辞めたらあかん

2019年08月01日

教化部長 坂次 尋宇

yjimage5BKLVW9T■転職
  昭和54年、空を飛びたいという念願が叶って入社したヘリコプターの会社を辞め、人々を幸せに導いたり国の為に尽そうと決意して生長の家愛知県教化部に奉職することにしました。ヘリコプターの会社は、主に送電線の鉄塔建設のための資材を運搬する仕事でした。一方父の勤める会社は、送電線の鉄塔を建設する側の会社でしたので同じ業界となり、父と仕事の話ができたので父は喜んでいたようです。

■信頼
 さて、両親に転職の話を切り出すには、先ず生長の家を信仰している母に伝えて了解を得て、それから信仰をしていない父に話して母から援護をしてもらう計画でした。ところが結果はまったく逆で、母は給料の減収や大企業を辞めることに反対で非常に現実的でした。ところが父は「お前がやりたいと言うのならやってみろ」の一言でした。
 生長の家を信仰している母が転職に反対し、生長の家を全く知らない父が賛同してくれ、驚きと感動が心の中で広がりました。母は私を見ているのではなく私の現象の環境を見ているのに対し、父は私という人格を見て信頼してくれていると感じました。父からの深い信頼によって、湧き上がる悦びとともに、生き方に対して腹が据わった様な気がしました。

■愛するがゆえに放つ
  『新版 生活と人間の再建』156頁~157頁には次のように書かれています。
  慈悲喜捨の四無量心こそ真の愛であるが、最後の捨徳こそ四無量心を完成するものであり、同時に最も成しがたき愛行であるのである。
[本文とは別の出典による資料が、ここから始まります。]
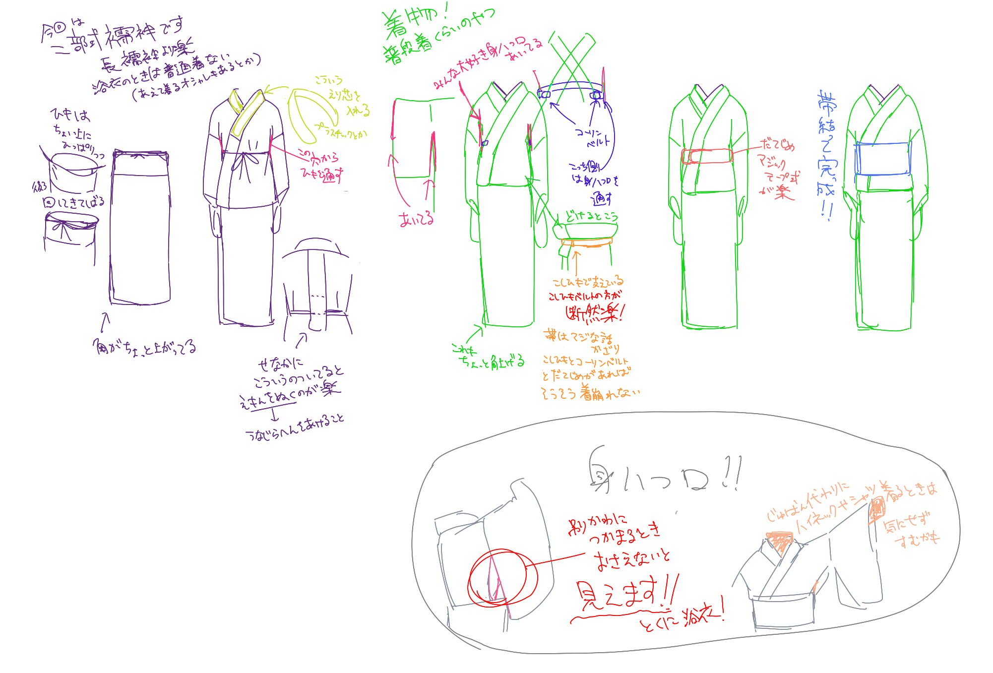 ちょっとコーリンベルトの位置が高い気がしますが忘れてください。あと襦袢の解説が細かくないのはなんだかんだ外から見えないからです。肌着もはしょってますしね。

通常「愛」とは「愛」する者を自分の側近に引きつけて置きたいものであるけれども、捨徳は、「愛する者」を「愛するがゆえにこそ」捨て、放つのである。小鳥を愛するが故に、小鳥を籠の中に入れて楽しむのではなく、小鳥を自由に放つのである。愛児が瀕死の病いに罹って、もうどうにもならないときに、みずからの好悪によって、その愛児を地上に引きとめて置きたいなどと思うことなく、「み心ならば天国になりと、どこへなりと引取りたまえ」と祈り得る心である。自己の愛憎や好悪を捨て、ただ神のみ心にすなおに委せ切って、自己の最も愛する者をさえも放つのである。